In one embodiment, step 202 includes: acquiring actual wind speed data observed at sea; acquiring an error between predicted wind speed data and actual wind speed data; correcting the WRF model according to the error; and obtaining predicted wind speed data according to the corrected WRF model.

And calculating the error between the actual wind speed data and the predicted wind speed data to obtain the deviation between the WRF model and the actual marine meteorological conditions when the marine meteorological conditions are simulated. If the error is larger, the simulation effect of the WRF model is poor, and the WRF model needs to be corrected until the error is within an acceptable range.
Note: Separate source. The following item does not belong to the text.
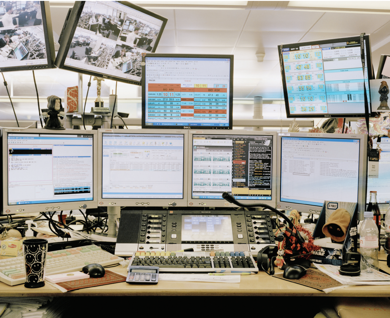
BNP Paribas, headquarters, trading floor. Paris France, 2012.

The simulation of the WRF model to the meteorological conditions comprises various meteorological factors such as wind speed, temperature, air pressure, wind direction and the like, so that the WRF model can better simulate the marine meteorological conditions, and parameters of the various meteorological factors need to be adjusted simultaneously when the WRF model is corrected.

In acquiring the Error between the predicted wind speed data and the actual wind speed data, it can be obtained by calculating an average absolute Error (MAE, mean Absolute Error), an average Error (ME, mean Error), or the like.

Where MAE is a predictive tool that can provide clear information about the deviation between predicted and actual values, ME can give an assessment of the overall prediction giving an underor overestimated level. MAE and ME are expressed as respectively，/>. Where i denotes a time point, n denotes the total number of time points, and f and ob denote predicted wind speed data and actual wind speed data, respectively.

In one embodiment, step 204 includes: acquiring a power curve and wind speed distribution according to the predicted wind speed data; acquiring annual average power according to the power curve and the wind speed distribution; and according to the annual average power, the annual use ratio and the service life of the fan are combined, and the full life cycle power generation capacity of the fan is obtained.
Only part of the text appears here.